# How R Calculates Infinite, Undefined, and Missing Values

Luckily, R can deal with data anomalies that confound some other statistical platforms. For instance, in some cases, you don’t have real values to calculate with. In most real-life data sets, in fact, at least a few values are missing. Also, some calculations have infinity as a result (such as dividing by zero) or can’t be carried out at all (such as taking the logarithm of a negative value).

## How R defines infinity

To start exploring infinity in R, see what happens when you try to divide by zero:

> 2/0 [1] Inf

R correctly tells you the result is Inf, or infinity.

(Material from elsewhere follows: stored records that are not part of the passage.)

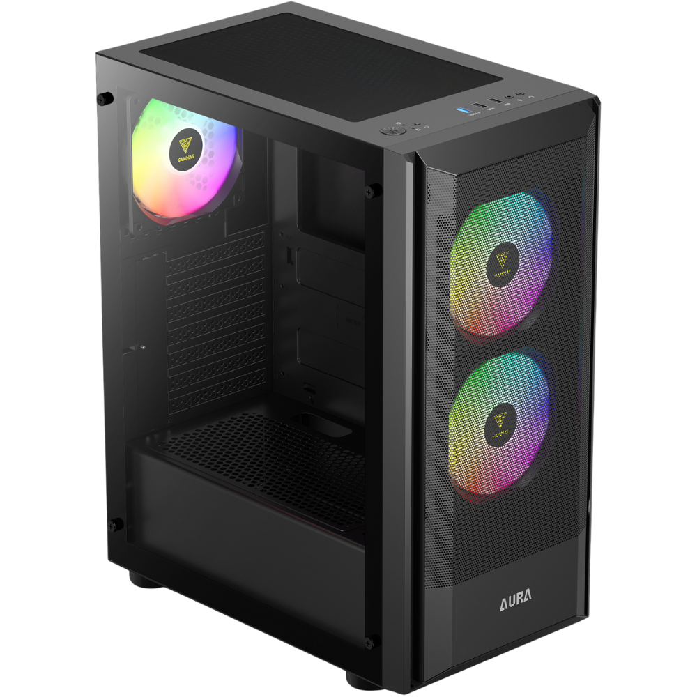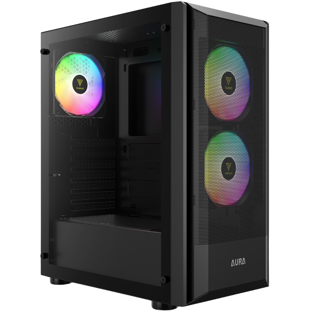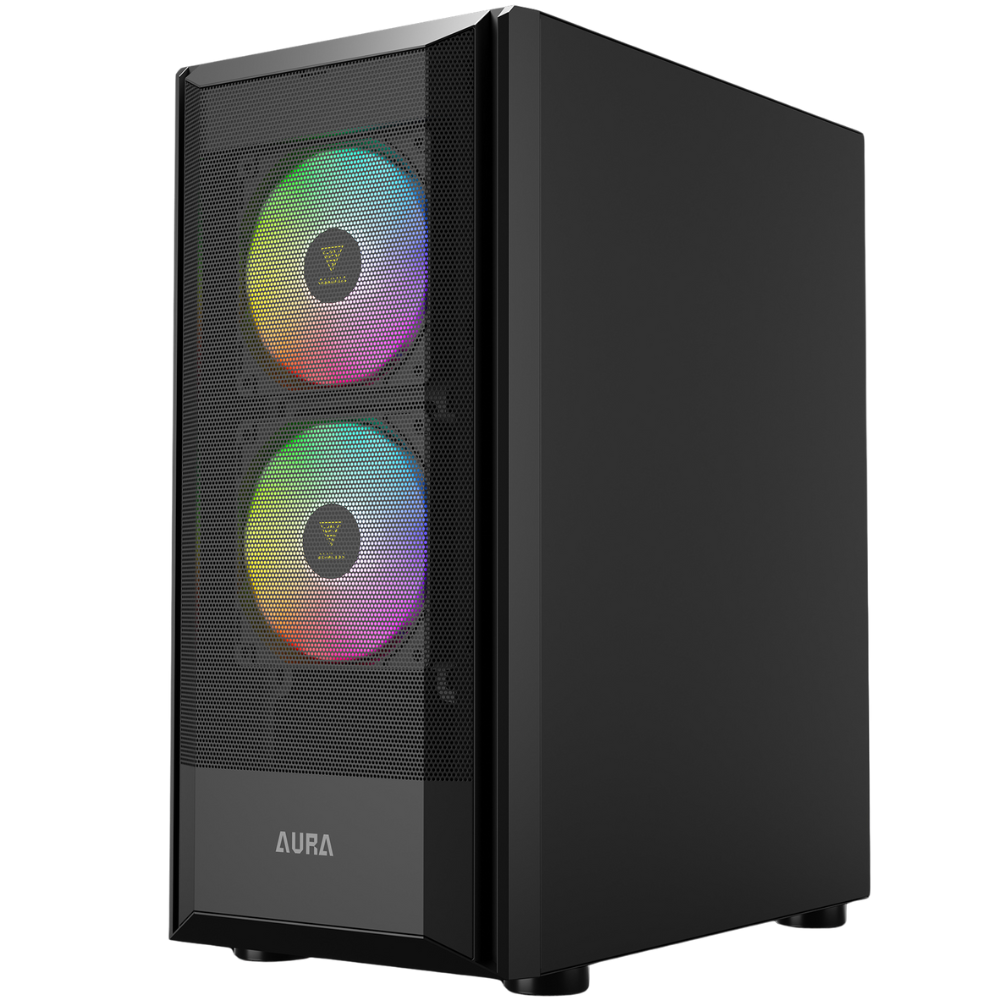 - The AURA GC6 is an affordable mid-tower case that provides a sleek and modish design. The case includes a fully perforated fine mesh front panel for efficient airflow, 3 pre-installed ARGB fans, spacious internals, and a panoramic tempered glass to showcase your build.
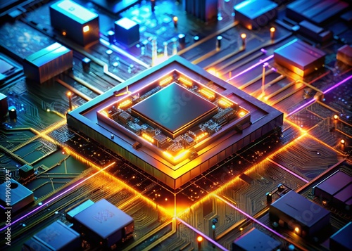 © Adisorn, Fototapeta premium Futuristic Processor Chip: Aerial View of Advanced Circuit Board Technology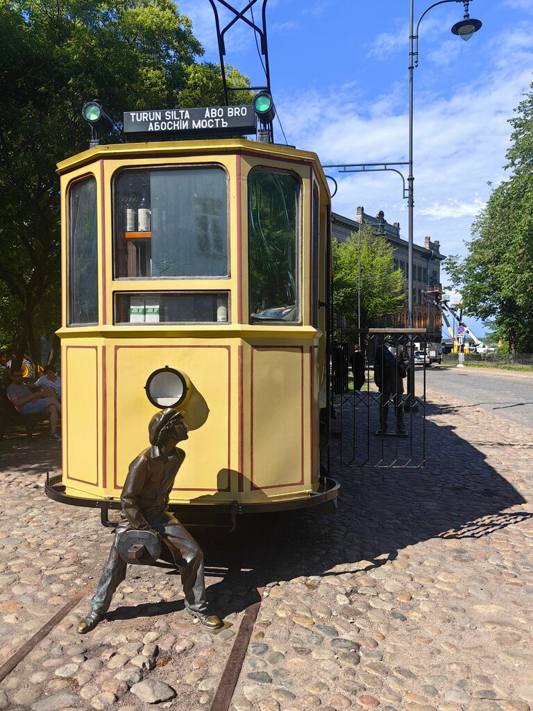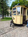 Скульптура относится непосредственно к трамваю, выглядит очень реалистично, всё фоткаются с ним.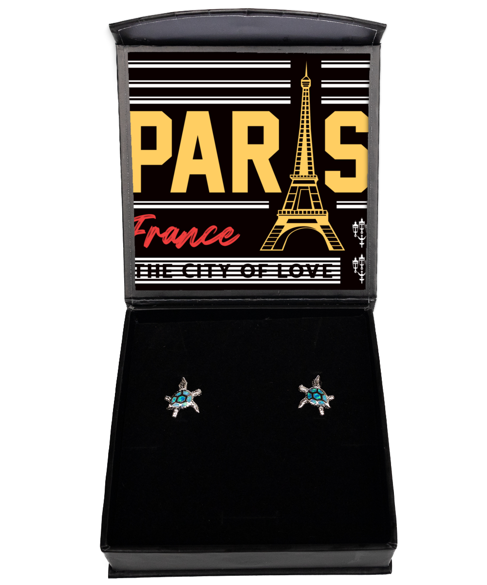 - Each Paris Opal Turtle Earrings Gifts Turtle Earring is fitted with a brilliant blue fire opal, a precious stone that offers incredible shine and eye-catching color.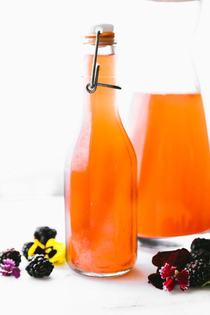 Homemade Fruit Kvass If youve ever wanted to DIY your own kombucha, this Russian take on the probiotic-rich drink is loaded with all kinds of delicious ingredients, like mixed berries, raw honey, sea salt, and lime. Bonus: Its got a surprisingly high amount of fiber. GET THE RECIPE Per serving: 30 calories, 0 g fat (0 g saturated), 7 g carbs, 3 g sugar, 293 mg sodium, 3 g fiber, 1 g protein Cotter Crunch

Negative infinity is shown as -Inf. You can use Inf just as you use a real number in calculations:

> 4 - Inf [1] -Inf

To check whether a value is finite, use the functions is.finite() and is.infinite(). The first function returns TRUE if the number is finite; the second one returns TRUE if the number is infinite.

R considers everything larger than the largest number a computer can hold to be infinity — on most machines, that’s approximately 1.8 × 10^{308}. This definition of infinity can lead to unexpected results, as shown in the following example:

> is.finite(10^(305:310)) [1] TRUE TRUE TRUE TRUE FALSE FALSE

What does this line of code mean now? See whether you understand the nesting and vectorization in this example. If you break up the line starting from the inner parentheses, it becomes comprehensible:

You know already that 305:310 gives you a vector, containing the integers from 305 to 310.

All operators are vectorized, so 10^(305:310) gives you a vector with the results of 10 to the power of 305, 306, 307, 308, 309, and 310.

That vector is given as an argument to is.finite(). That function tells you that the two last results — 10^308 and 10^309 — are infinite for R.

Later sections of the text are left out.